Man and His Environment

The history of these earlier steps is full of interest; but I cannot outline it today. There can be no doubt that as Simon[3] put it, referring to Dr. Southwood Smith’s report to the Poor-Law Commissioners in 1838 (“on Some of the Physical Causes of Sickness and Mortality to which the Poor are particularly exposed, and which are capable of removal by Sanitary Regulations”)

the commencement of State interference on behalf of the health of the labouring classes may be said to date from its publication and to have been in a very important degree determined by its facts and arguments.

That the first principles of causation were beginning to be appreciated is shown in the following extract from Queen Victoria’s speech in opening Parliament in 1849. In this speech she referred to the ravages of cholera which it had pleased Almighty God to arrest, and added:

Her Majesty is persuaded that we shall best evince our gratitude by vigilant precautions against the more obvious causes of sickness, and an enlightened consideration for those who are most exposed to its attacks.

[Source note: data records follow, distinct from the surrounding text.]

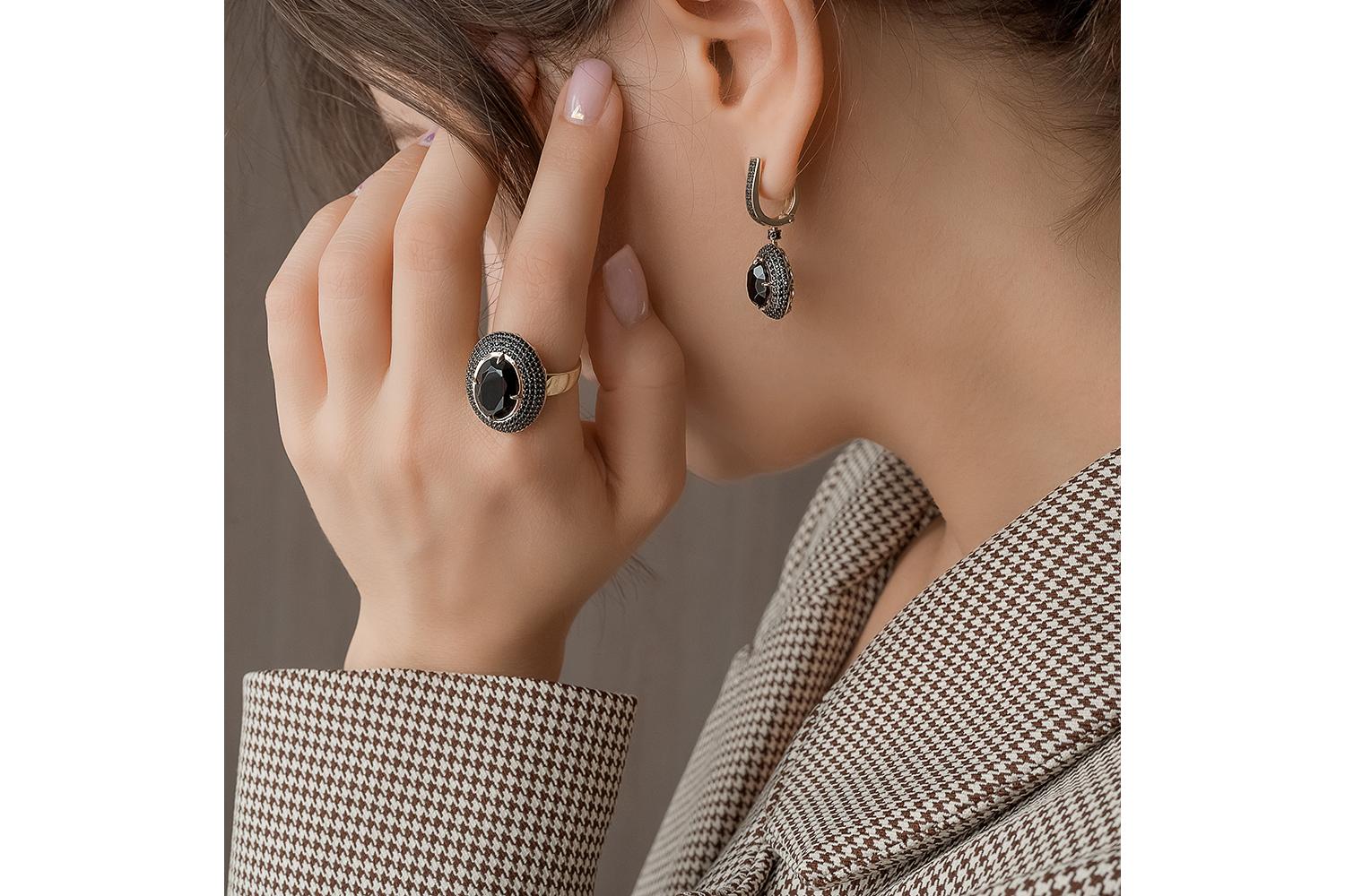Агат чёрный, количество 1 шт., огранка овал, размер 14ˣ10 ; Фианит чёрный, количество 184 шт., огранка круг, размер 1 мм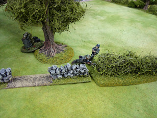 The game was a lot of fun, and as we're playing through Richard's campaign supplement we're finding quite a few things developing. First, both sides are more cautious in approaching defensive positions, mainly out of respect for the effect of bi-pod mounted machine guns in strong positions. Second, both sides are probing first and hitting once the enemy are discovered - we're trying to follow the tactics laid down in the military manuals of the time (thoughtfully supplied by Richard to the players). Third, some of the characters formerly thought of as utter duds are coming good. To my amazement, Second Lieutenant St Clair is finding his feet in the campaign - which is a great pleasure considering he was first rolled up to test the effect of a "shell-shock rule"!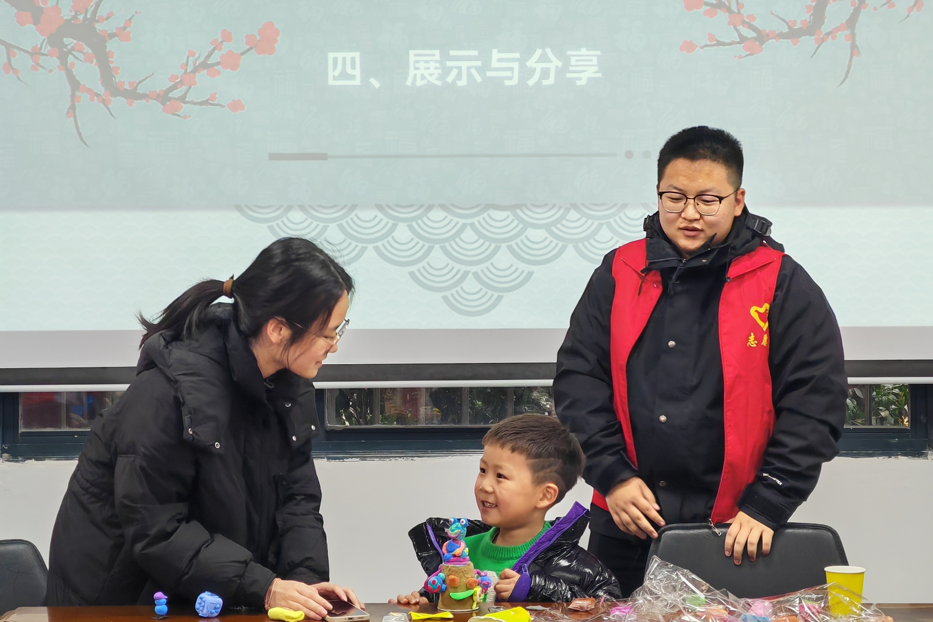 在活动过程中,志愿者代表借助PPT展示宁乡炭河里博物馆的青铜器图片,系统地向孩子们讲解了炭河里遗址的历史及青铜器的铸造工艺,并重点介绍了青铜编钟的制作流程。孩子们利用橡皮泥和纸杯制作出仿青铜编钟的创意作品, 并依次上台向大家 分享自己的创作思路。活动结束后,志愿者们组织清理场地并进 行集体合影留念。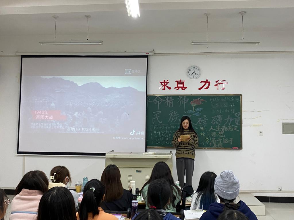为深入开展党史学习教育,培养广大共青团员热爱党、热爱社会主义情感,让红色基因、革命薪火代代传承。OK138太阳集团团总支于2021年11月10日晚自习组织各班团支部在各班教室内开展“学新民主主义革命精神,聚中华民族之磅礴力量”专题党史学习会。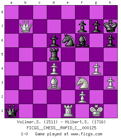 Last move : 1-0 2015 July 21 15:14:25 [Event "FICGS__CHESS__RAPID_C__000125"] [Site "FICGS"] [Date "2015.05.15"] [Round "1"] [White "Vollmer,Steve"] [Black "Hilbert,Stephan J."] [Result "1-0"] [WhiteElo "1511"] [BlackElo "1716"] 1.c4 c5 2.Nf3 Nf6 3.Nc3 Nc6 4.g3 e5 5.Bg2 d6 6.O-O Be7 7.d3 O-O 8.Bg5 Be6 9.Qd2 a6 10.a4 Rb8 11.h3 h6 12.Bxf6 Bxf6 13.e3 Na5 14.Rab1 Nb3 15.Qc2 Na5 16.b4 cxb4 17.Rxb4 Nc6 18.R4b1 Ne7 19.Ne4 Ng6 20.d4 exd4 21.exd4 Bf5 22.g4 Bxe4 23.Qxe4 Re8 24.Qc2 Nf4 25.Rfe1 Rxe1+ 26.Rxe1 b5 27.axb5 axb5 28.cxb5 Rxb5 29.Bf1 Rd5 30.Qc6 Kh7 31.Re4 Qa5 32.Qb7 Ne6 33.Bd3 Qa1+ 34.Re1 1-0 English : Symmetrical variation Kingside Castling by player White (move 6) Kingside Castling by player Black (move 7) Player White won this chess game. Follow this game move after move (download)When the Chess game is over, the Pawn and the King go back to the same box. (Irish saying) Garry Kasparov war erst in der Großmeister-Organisation GMA, dann in der Profischach-Vereinigung PCA, zum Schluss kehrte er wieder in den Schoß der FIDE zurück. Aber gut, manche Leute sind flexibel (Viswanathan Anand) El Ajedrez es un terrible juego. Si no controlas el centro, tu oponente tiene una posición mas holgada. Si tienes control del centro, ¡entonces realmente tu tienes algo de que preocuparte!. (Siegbert Tarrasch) Je ne suis pas le dernier à jouer lâchement des coups douteux pendant le zeïtnot de l'adversaire pour l'achever: en effet les coups qui font le plus peur sont ceux que l'on ne comprend pas. Je me fais souvent peur quand je joue. (Un professeur anonyme) I don't believe in psychology. I believe in good moves. (Bobby Fischer)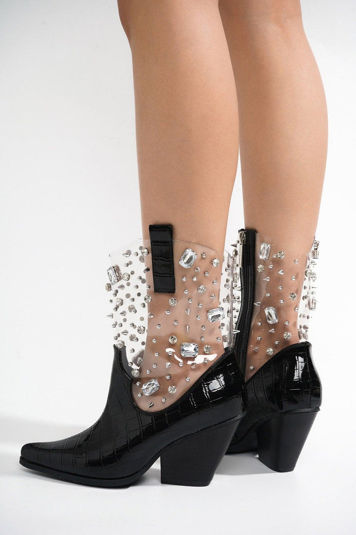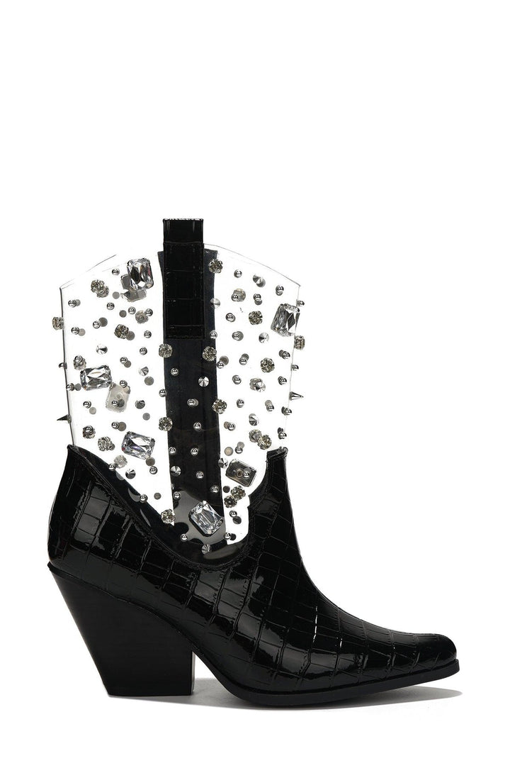 CHRIENA - BLACK - BOOTIES by CAPE ROBBIN zipper closure clear shaft finish covered in rhinestone and gem wooden mid block heel croc finish upper and pull straps Chriena booties will add a sparkle of glam to your look! These stylish shoes are the perfect combination of chic and glam and will give line dancing a fresh twist.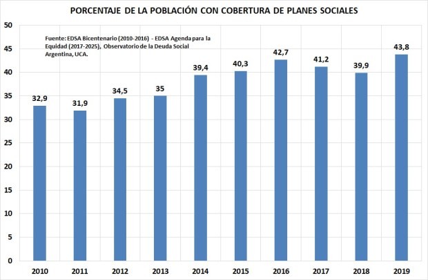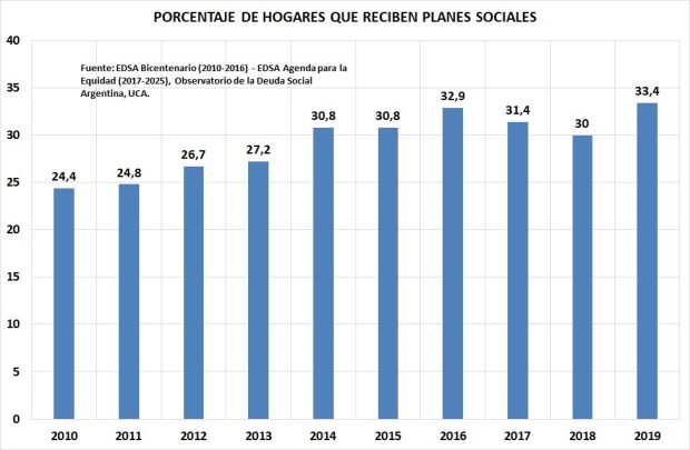 De acuerdo a los datos del Observatorio de la Deuda Social de la UCA, en 2019 el 33,4% de los hogares recibía algún plan social. Puede observarse que entre 2010 y 2015 el gobierno kirchnerista pasó de darle planes sociales del 24,4% de los hogares al 30,8%, es decir, 6,4 puntos porcentuales más. Cambiemos aumento ese porcentaje 2,6 puntos porcentuales. En total, se pasó de entregarle planes sociales al 24,4% de los hogares en 2010 al 33,4%. 9 puntos porcentuales más y a pesar de ello más pobreza.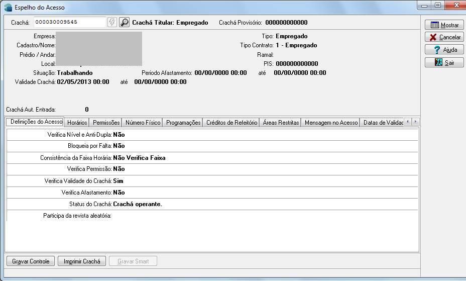 A consulta do crachá que está gerando esta mensagem pode ser feita pela tela de Monitoramento de Acessos (Supervisão/Monitorar/Acessos). E a consulta na tabela Controle deve ser feita pelo número do crachá que é informado no Espelho de Acesso (Acesso/Espelho de Acesso).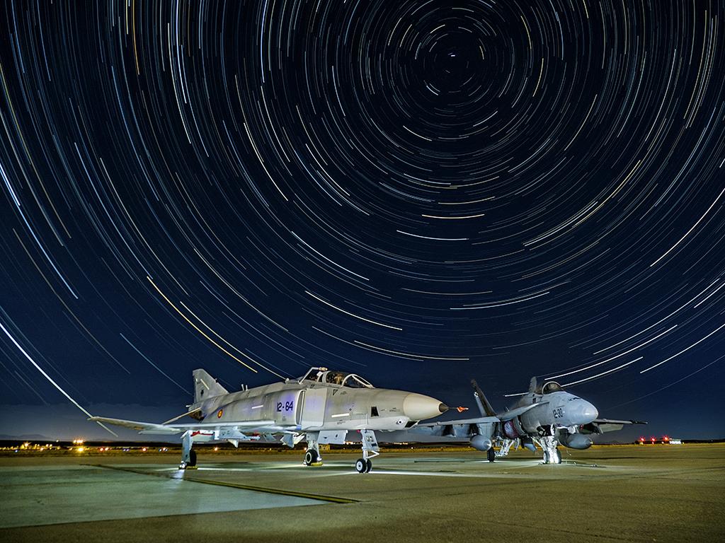 Old friends resting under the sky of the Torrejon Air Base, Spain. The photographer combined astrophotography with a special technique to capture this unique shot.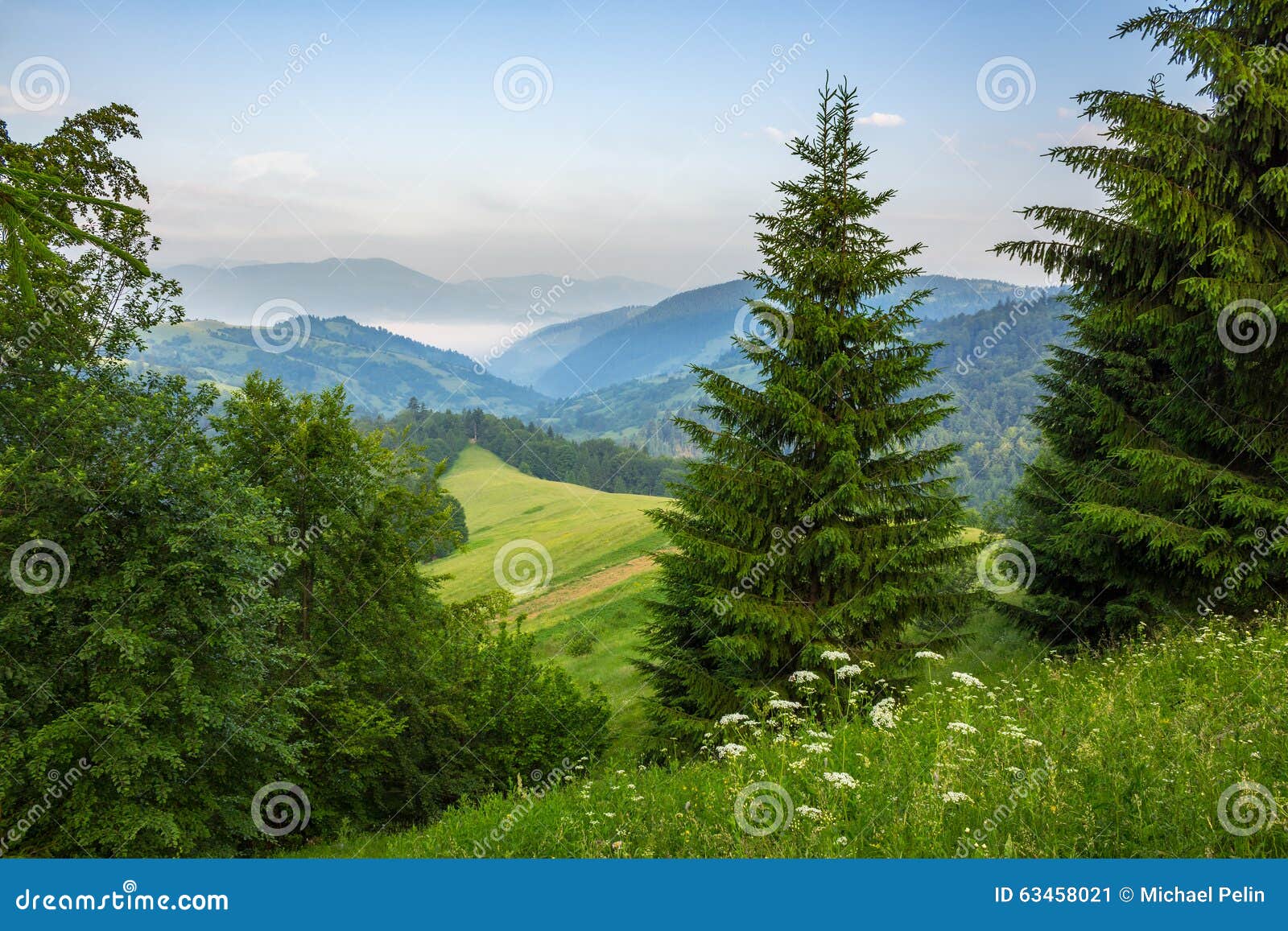 Immagini Stock Abeti Su Un Prato Giu La Volonta Della Foresta Di Conifere Nelle Montagne Nebbiose Della Cina Image 70284480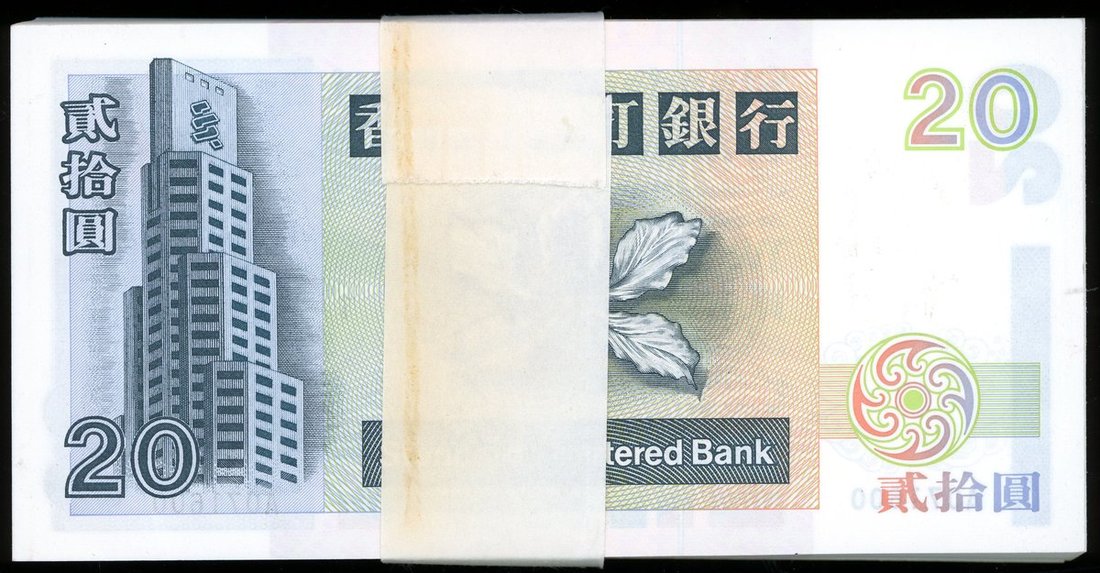 1997年渣打銀行20元連號100枚,A071501至600,除尾枚有輕微碰折外,其餘均UNC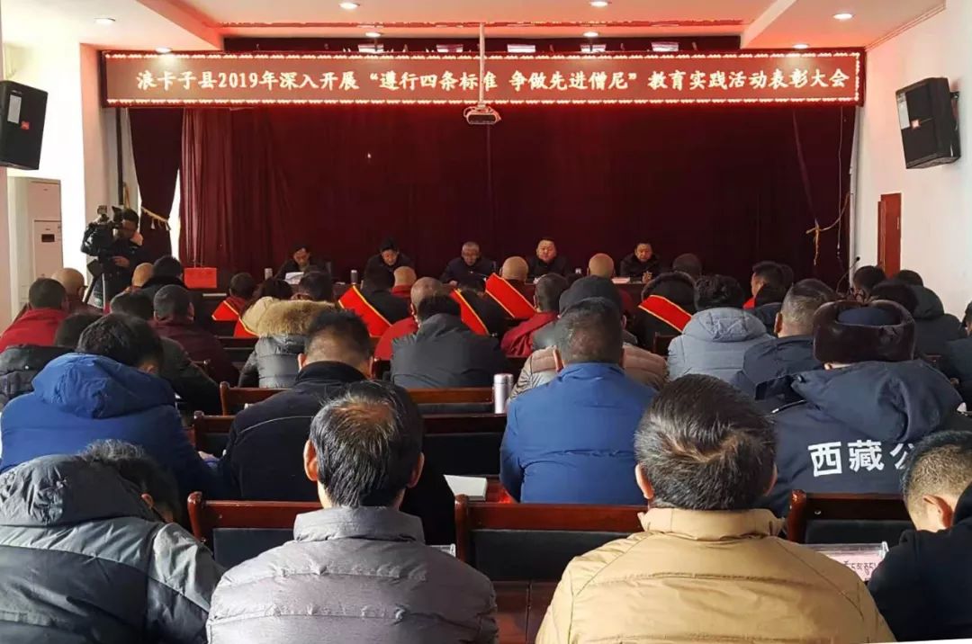 会上,县政协主席扎西顿珠宣读《中共浪卡子县委 县人民政府关于表彰2019年度“遵行四条标准 争做先进僧尼”教育实践活动模范寺庙和优秀僧尼,优秀组织单位,优秀驻寺干部,优秀宗教工作者,亚青寺接返先进工作者的表彰决定》,对教育实践活动中涌现出的8座和谐模范寺庙、110名爱国守法先进僧尼、4个优秀组织单位、12名优秀驻寺干部、3名优秀宗教工作者、2名亚青寺接返先进工作者进行了表彰。受表彰的先进集体和先进个人代表分别作了交流发言。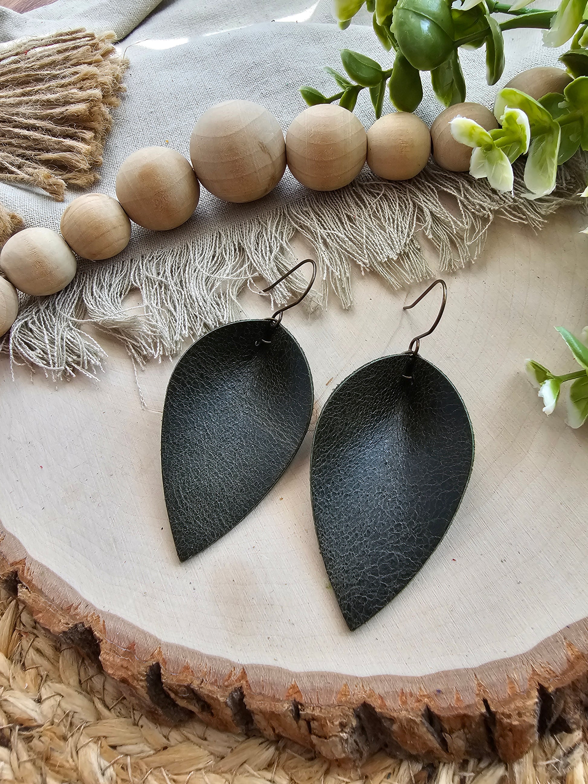 Deep green pinched petal earrings made with genuine leather and antique bronze toned stainless steel hardware (hypoallergenic & tarnish resistant).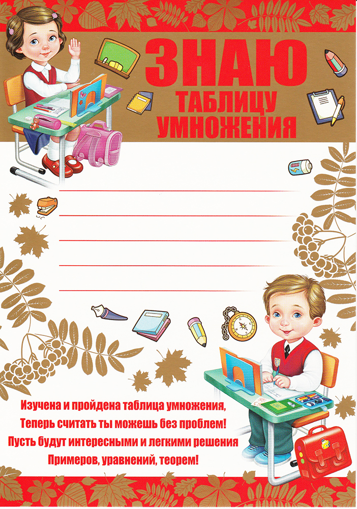 Грамота А5, 10 штук в упаковке "Знаю таблицу умножения", пантон бронза 01.806.00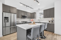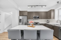 This is a home that works for real life. Enter from the lower level with a proper mudroom & nook, then head up to a bright, open main floor where the kitchen, dining, and living space flow together—perfect for everyday living and easy hosting. Fresh paint, laminate flooring, quartz counters, island seating & stainless steel appliances keep things clean and modern, with a balcony off the dining area for BBQs or quiet evenings. A 2-pc powder room completes the main floor. Upstairs offers side-by-side laundry with extra storage & carpeted bedrooms. Rare parking for 4 vehicles with a double garage + driveway. Fronting 240th St makes commuting simple, with transit nearby. Walk to schools, parks, and trails in this family-friendly East Maple Ridge location. Open House Sun, Feb 8 from 1-3pm.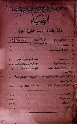Al-Ziya (Arabic: الضياء) was the first monthly Arabic magazine published by Darul Uloom Nadwatul Ulama in May 1932 under the editorship of Masud Alam Nadwi, with advisorship from Sulaiman Nadvi and Taqi-ud-Din al-Hilali, and with Abul Hasan Ali Hasani Nadwi as part of the editorial team. It was printed using lithography and released mid-month according to the Islamic calendar, focusing on literary, educational, and social topics.[1] Despite being the only Arabic magazine in India at the time and receiving widespread acclaim for developing intellectual discourse in Arab and Islamic circles, it ceased publication after four years due to financial constraints. Its legacy, however, influenced the emergence of other Arabic magazines, with Al-Baas El-Islami regarded as its successor.[2]

Note that these words and the early attempts at public health legislation, culminating in our great sanitary code, the Public Health Act, 1875, incorporated the tripod on which enlightened public health administration must always be supported, viz.,

(1) attack on the causes of sickness,
(2) satisfactory treatment of the sick, and
(3) satisfactory care for the poor.

I might properly add

(4) attack on the causes of poverty,

for it is perhaps the chief merit of the great work of Edwin Chadwick that, in the light of reports on local surveys made by Kay, Southwood Smith, and others, he was convinced and was able to convince Parliament that a very large share of the total destitution then existing was due to the conditions under which the people lived, and the disease generated in these conditions.